In her artistic practice, Sylwia Gorak explores the properties of architecture with her own voice, while searching for the presence of acoustic points by means of echolocation. This phenomenon, which involves detecting obstacles by means of echoes and transforming the acoustic information they contain into a more accessible one, becomes the pivotal point of the artist’s performances. Based on navigating vocally in an enclosed area, when moving from a found acoustic point to a previously undefined destination, Gorak returns to the starting point by mapping the route of her movement.
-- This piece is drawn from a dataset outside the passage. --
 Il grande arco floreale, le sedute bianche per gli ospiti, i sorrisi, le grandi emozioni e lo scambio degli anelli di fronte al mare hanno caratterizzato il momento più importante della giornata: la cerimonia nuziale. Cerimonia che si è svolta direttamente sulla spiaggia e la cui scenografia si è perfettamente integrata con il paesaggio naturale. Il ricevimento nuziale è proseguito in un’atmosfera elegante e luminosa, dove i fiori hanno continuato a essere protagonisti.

She covers her eyes in order to enhance her sense of hearing, and thus becomes more sensitive to other non-sensory means of analysing the properties of the structure of the buildings.
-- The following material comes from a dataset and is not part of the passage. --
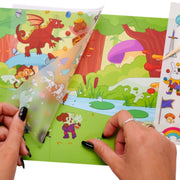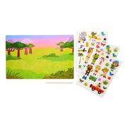 - Transfer sticker kit includes: 1 double-sided playboard scene, sticker sheets with over 60 stickers, and one wooden transfer tool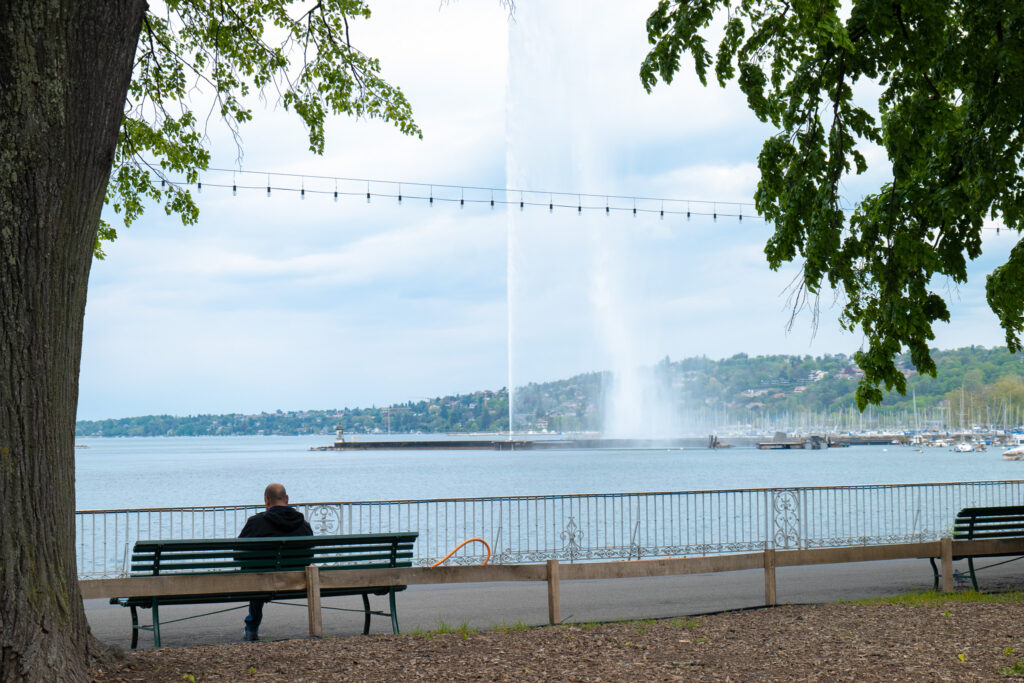 ช่วงเย็นเราเดินทางเข้าสู่ Geneva เมืองธุรกิจสุดใหญ่โตที่โอบล้อมด้วยทะเลสาบ Léman หลังจากเราเก็บของที่พักแล้วก็เลือกมาเดินช้า ๆ ตามทางริมทะเลสาบ เพื่อมาดูไฮไลต์แรกของที่นี่อย่าง Jet d’Eau de Genève น้ำพุกลางทะเลสาบที่พ่นน้ำขึ้นสู่ท้องฟ้าสูงกว่า 140 เมตร ตัวละอองน้ำที่ปลิวมาตามลมเบา ๆ บรรยากาศช่วงเย็นคือดีมาก แถมช่วงเย็นเราจะได้เห็นผู้คนคนพายเรือ นั่งริมทะเลสาบ ปั่นจักรยานผ่านไปมาด้วยฟีลดีสุด ๆ

In addition to her performance at the Witch Tower, Sylwia Gorak will present a series of works entitled “Drawing Down the Moon”. In her work created with the use of the ‘free hand drawing’ technique, the artist evokes Japanese calligraphy.
Focusing on feeling and transferring previously memorised images onto paper, she looks at how nature and the female body function and how they synchronise and act according to the influence of the moon. She records its path of movement and its phases on a daily basis, for which she chooses an ideal vantage point – a seaside village free from light pollution.
Sylwia Gorak agrees with the claim that the first cave drawings found in Palaeolithic caves may have marked the origin of magic. She emphasises their peculiarity in that they were mostly created in caves with a high level of acoustic resonance. If the cave drawings were meant to evoke a certain anticipation and to tame reality, could singing and recording help to accept the “difficult” past of historical architecture? /Weronika Teplicka/
Sylwia Gorak
is a graduate of the Academy of Fine Arts in Poznań, with a degree in Prof. Jerzy Kałucki’s painting studio and Prof. Jarosław Kozłowski’s performance studio. Holder of scholarships, including Prohealvetia in Switzerland, CECArtsLink in New York and Landeshauptstadt Kulturamt in Düsseldorf. Winner of the 5th Young Artists’ Biennale “Fish Eye”. Performer, vocalist. Exhibitions and concerts (including at Carnegie Hall New York). Creator of the World’s Largest Sundial (urban-art) in Düsseldorf. She is currently active in acoustic performance (she has a four-octave voice scale) and conceptual performance and is active in the international art circuit. She received a grant from the Susch Museum of the Grażyna Kulczyk Foundation. She co-created the international Common Ground project at the CCA in Toruń, as well as in Reykjavik and Vilnius. A pupil of Prof. Olga Szwajgier, a world-renowned opera singer.